On July 12, South Korea’s ruling party, the People’s Power Party, officially proposed delaying the country’s tax on crypto trading profits. The party noted that current sentiment towards crypto assets was deteriorating and stated that imposing taxes on virtual assets quickly is “not advisable at this time.”
The proposal argued that with higher risks in crypto compared to stocks, investors might leave the market if income tax is imposed on crypto gains. Originally, the crypto gains tax was set to start on January 1, 2025. If approved, the tax implementation will be postponed to January 1, 2028.
Election Campaign Promise
As part of their campaign for South Korea’s general elections in April, the People’s Power Party promised to delay the crypto gains tax by two years. On February 19, the party stressed the need for a general crypto framework before starting taxation.
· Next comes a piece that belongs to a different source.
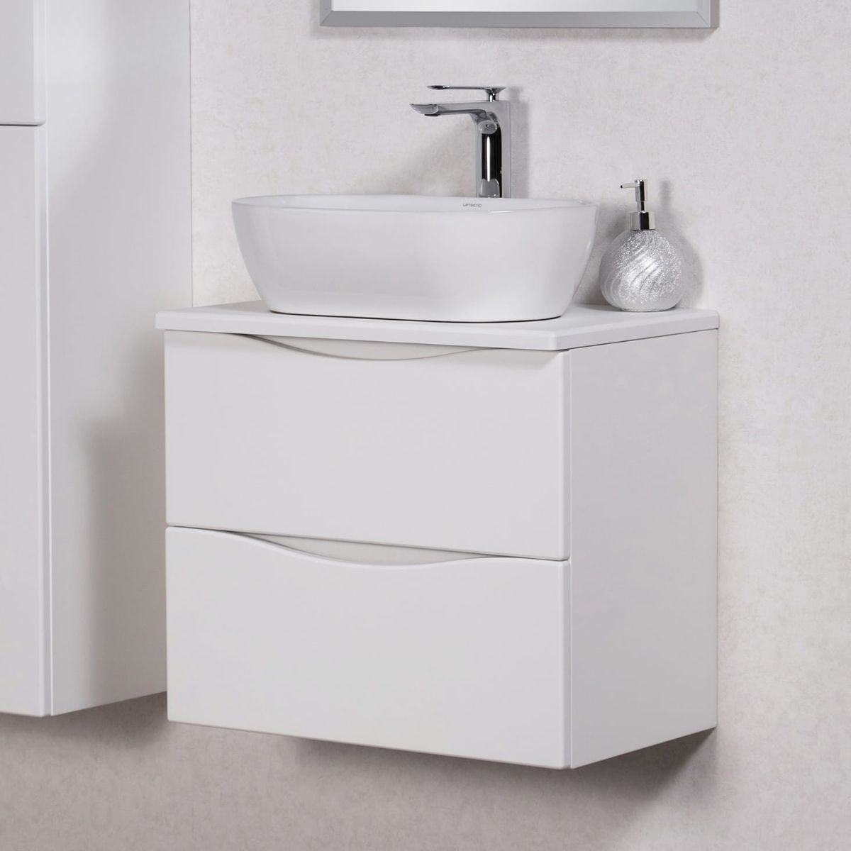 Ši moderni „Onda“ serijos vonios spintelė – tai tobulas funkcionalumo ir minimalistinio dizaino derinys. Dėl 60 cm pločio ji puikiai tinka tiek mažesniems, tiek didesniems vonios kambariams, siūlydama praktišką daiktų laikymo vietą ir elegantišką dizainą. Matinės baltos spalvos spintelė suteikia interjerui gaivumo ir subtilios elegancijos. Paprastą, minimalistinę formą papildo aptakios, grioveliais išraižytos rankenos, diskretiškai integruotos į stalčių kraštus, todėl spintelės priekinė linija išlieka vientisa, lygi, be nereikalingų detalių.

They believe taxing crypto should only happen once a proper system is established.
A representative highlighted that unlike the stock exchange, no entities oversee crypto transactions. The party believes it is necessary to spend two years developing a regulatory system for crypto.
South Korea’s History of Delayed Implementation
Local media, The Korea Economic Daily, noted that the plan to tax crypto gains was initially set for 2021. Due to backlash from industry leaders and stakeholders, the government postponed it to 2023, and then again to January 1, 2025, to protect investor interests. If the new proposal passes, the crypto gains tax will be delayed by nearly seven years from its original schedule.
In South Korea, investors must pay a 20% capital gains tax if their annual gains exceed 2.5 million won (approximately $1,800). This threshold is much lower than for stocks, where only gains exceeding 50 million won (about $36,000) are taxed.